Стоп! Назад! С чего мы начали? С того, что я Лику захотела со свету сжить. Временно? Это у меня пройдет? Вот извлекут зародыш, и пройдет?

— Кира Анатольевна! — Лика оказалась тихо под боком. — Давайте я помогу. Вы все переворачиваете и переворачиваете рыбу. Она уже готова, и овощи поспели. Вы садитесь, я накрою.

— Тебе было ведено лежать! — говорю я строго, отдавая Лике поварскую лопаточку. — Ты витамины сегодня пила?

— Пила, пила, пила! — нараспев произносит Лика и усаживает меня в кресло.

— Я пью! Все мне мало! — дурным голосом орет Лешка, помогая жене. — Уж пья-я-яною стала!

— У тебя прекрасный голос! — щедро улыбается Лика. — Настолько прекрасный…

— Что отсутствие слуха, — подхватываю я, — почти незаметно.

— Медведь только на одно ухо наступил, — соглашается Лика, — второе…

— Не додавил, — подсказываю.

Все в порядке: я встала на привычные рельсы, запрыгнула в поезд — на два голоса мы незлобиво перемываем Лешке косточки. Это наше любимое занятие по вечерам за ужином. У нас отличная семья, веселая. Если шутим над кем-то, то по-честному — двое против одного.

— Вы курите, — предлагает Лика, когда мы пьем чай. — Мне правда не мешает.

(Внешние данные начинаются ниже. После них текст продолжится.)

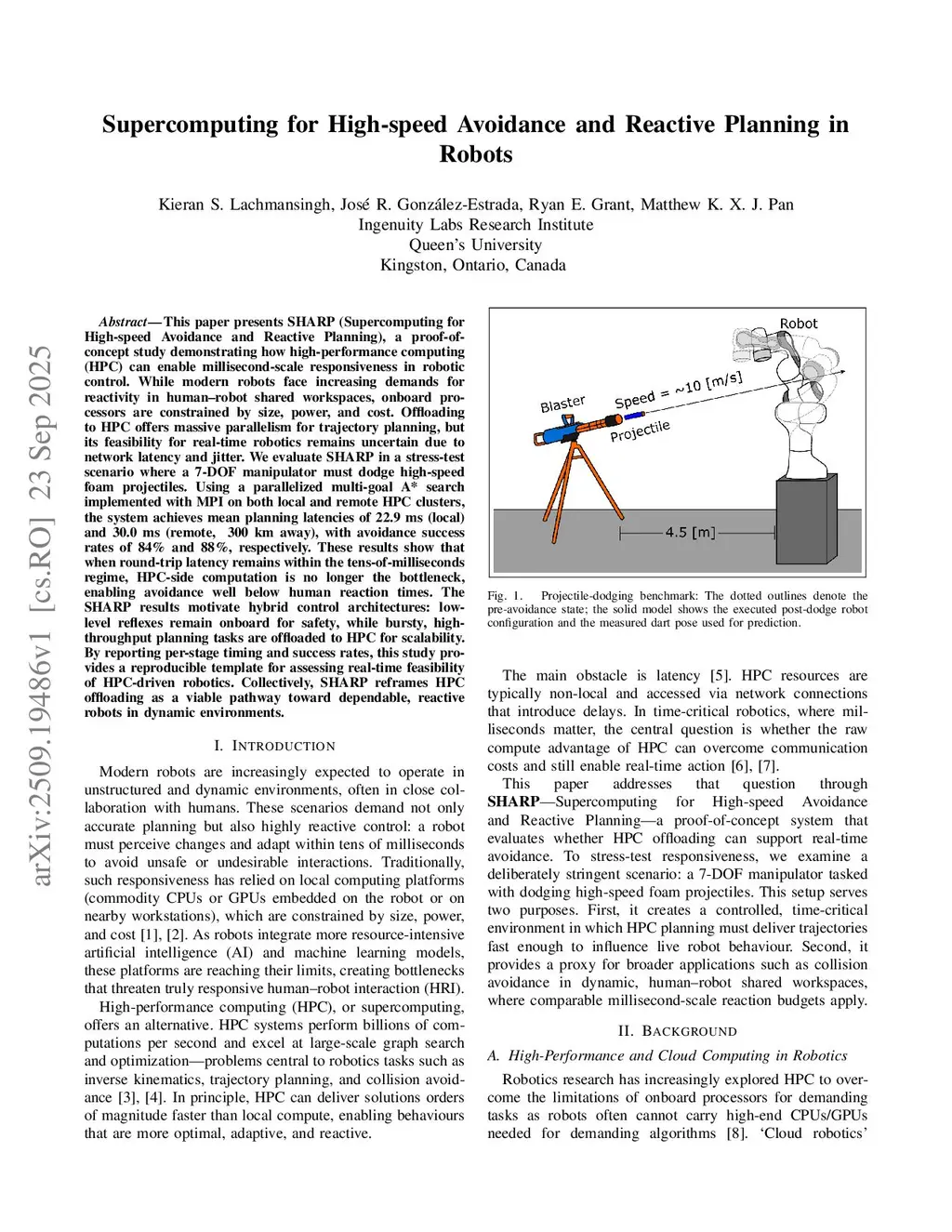 This paper presents SHARP (Supercomputing for High-speed Avoidance and Reactive Planning), a proof-of-concept study demonstrating how high-performance computing (HPC) can enable millisecond-scale responsiveness in robotic control. While modern robots face increasing demands for reactivity in human-robot shared workspaces, onboard processors are constrained by size, power, and cost. Offloading to HPC offers massive parallelism for trajectory planning, but its feasibility for real-time robotics remains uncertain due to network latency and jitter. We evaluate SHARP in a stress-test scenario where a 7-DOF manipulator must dodge high-speed foam projectiles. Using a hash-distributed multi-goal A* search implemented with MPI on both local and remote HPC clusters, the system achieves mean planning latencies of 22.9 ms (local) and 30.0 ms (remote, ~300 km away), with avoidance success rates of 84% and 88%, respectively. These results show that when round-trip latency remains within the tens-of-milliseconds regime, HPC-side computation is no longer the bottleneck, enabling avoidance well below human reaction times. The SHARP results motivate hybrid control architectures: low-level reflexes remain onboard for safety, while bursty, high-throughput planning tasks are offloaded to HPC for scalability. By reporting per-stage timing and success rates, this study provides a reproducible template for assessing real-time feasibility of HPC-driven robotics. Collectively, SHARP reframes HPC offloading as a viable pathway toward dependable, reactive robots in dynamic environments.
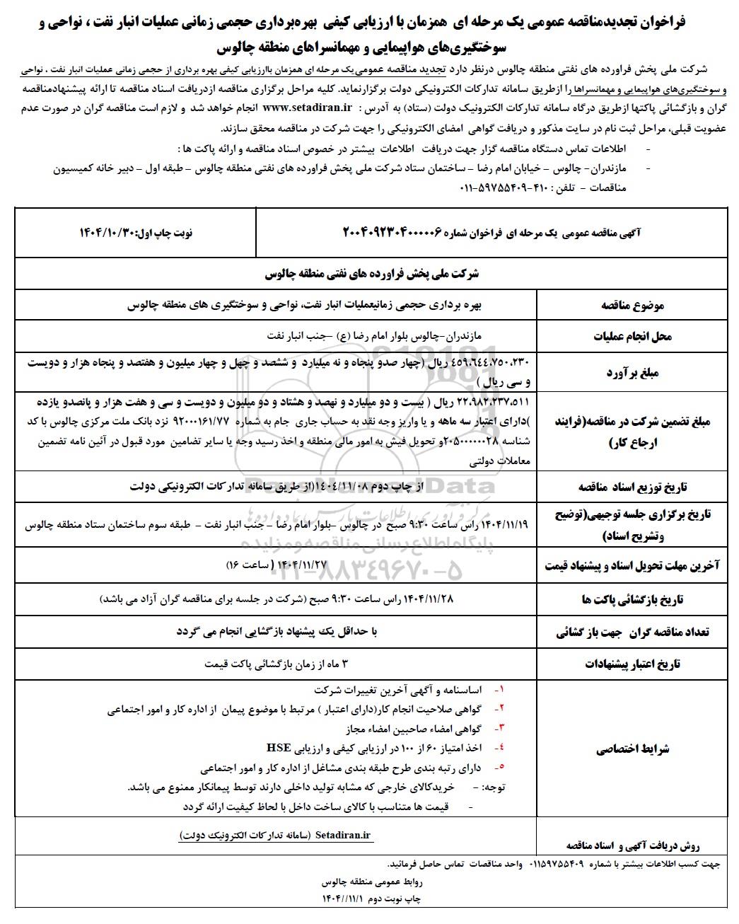فراخوان تجدید مناقصه عمومی یک مرحله ای همزمان با ارزیابی کیفی بهره برداری حجمی زمانی عملیات انبار نفت ، نواحی و سوختگیری های هواپیمایی و مهمانسراهای منطقه چالوس

— Бросила курить, — вырывается у меня.

— Час назад? — усмехается сын.

Но Лика не поддерживает его и спрашивает серьезно:

— Почему? Что случилось?

Дети знают, что от безуспешных попыток бросить курить я отказалась. Поставила на них крест и нашла оправдание: «Я исключительно волевая и сильная женщина. Но для гармонии и равновесия у меня имеется один недостаток — табакозависимость. Если брошу курить, для той же гармонии может обнаружиться другая слабость. И неизвестно, какая лучше».

— Ты ведь у врача была? — спрашивает сын, озабоченно напрягаясь. — Что нашли?

* * *

Тут бы мне все и рассказать. Сложить руки на груди и признаться:

— Дорогие детки! Ваша мама немножко беременная, то есть не немножко, а очень основательно.

Лица у них вытянутся, и в первые секунды они не смогут скрыть растерянное отвращение.

— А папа знает? — спросит после молчания Лешка.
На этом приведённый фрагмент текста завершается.